* DATASET SECTION

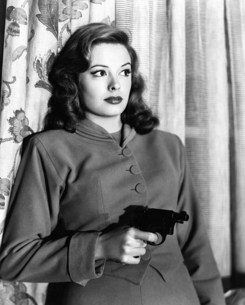 Of course, no look at a noir actress would be complete without a gun:
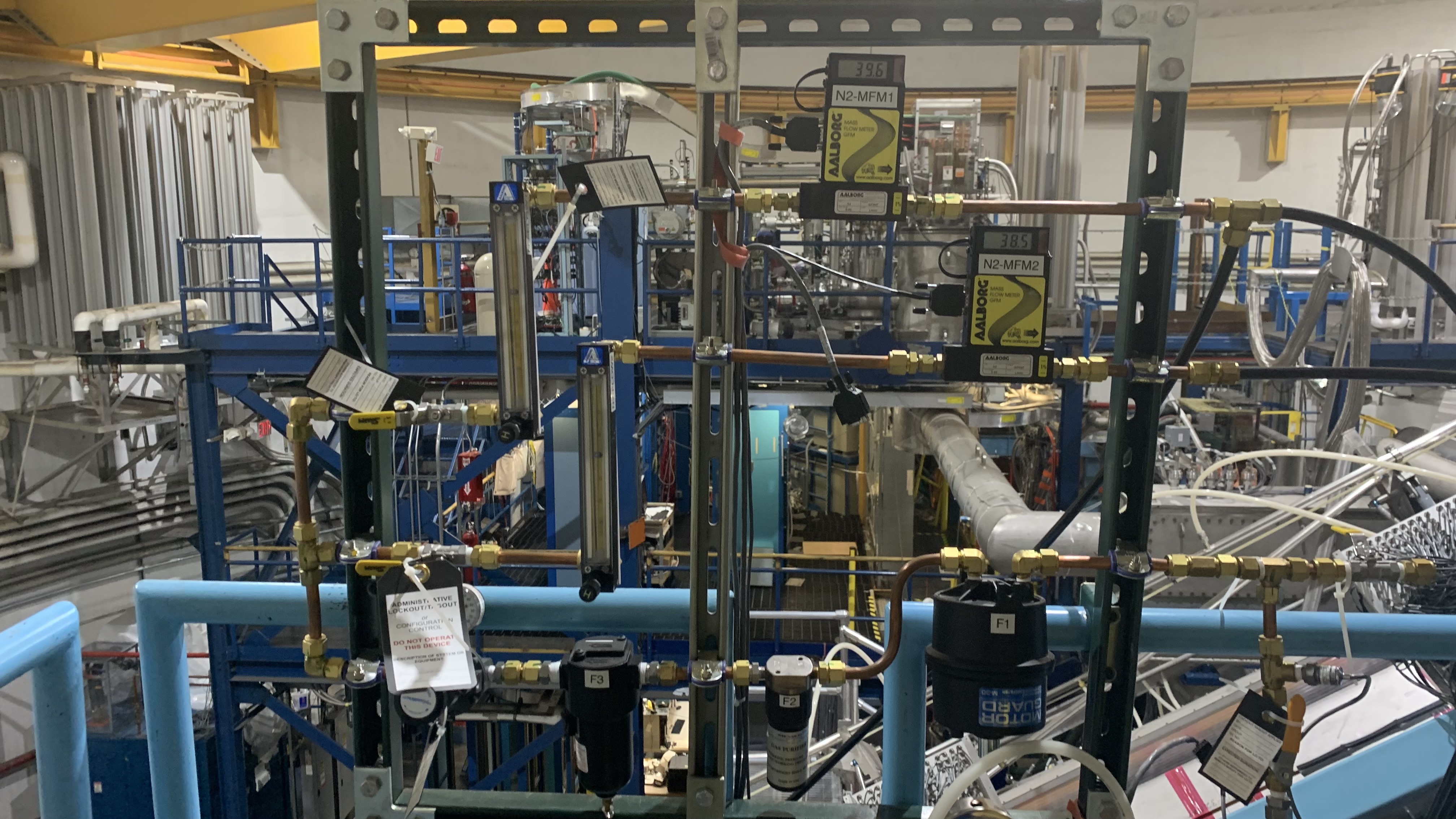 You can also see in the photo that the panel has several white, tags attached to the valves and rotameters.
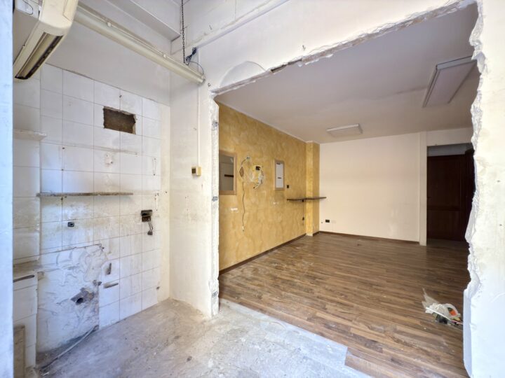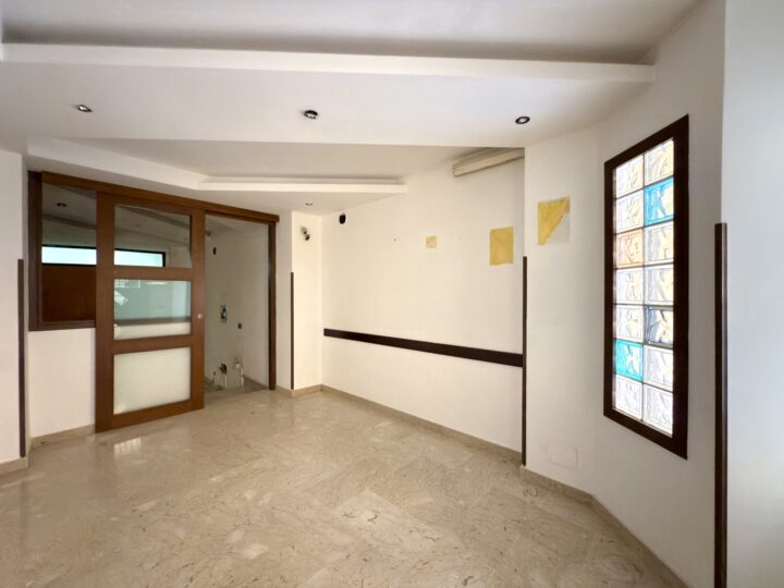 L'appartamento di 89 mq. è posto al piano terra ed è dotato di ingresso indipendente dalle unità immobiliari soprastanti, precedentemente adibito a studio medico ha una disposizione interna così suddivisa: ingresso su stanza adibita a zona attesa, saletta reception con w.c. per la clientela, 2 sale e w.c. per il personale. Inoltre l'immobile dispone di un vano di mq. 24 comunicante adibito a box auto con accesso dall'esterno da poter modificare per renderlo carrabile.

* TASK DESCRIPTION
Please give back exactly, and with no pictures, the lines from where the listing above begins through the line containing "You can also".

* WRITTEN RESPONSE
 Of course, no look at a noir actress would be complete without a gun:
 You can also see in the photo that the panel has several white, tags attached to the valves and rotameters.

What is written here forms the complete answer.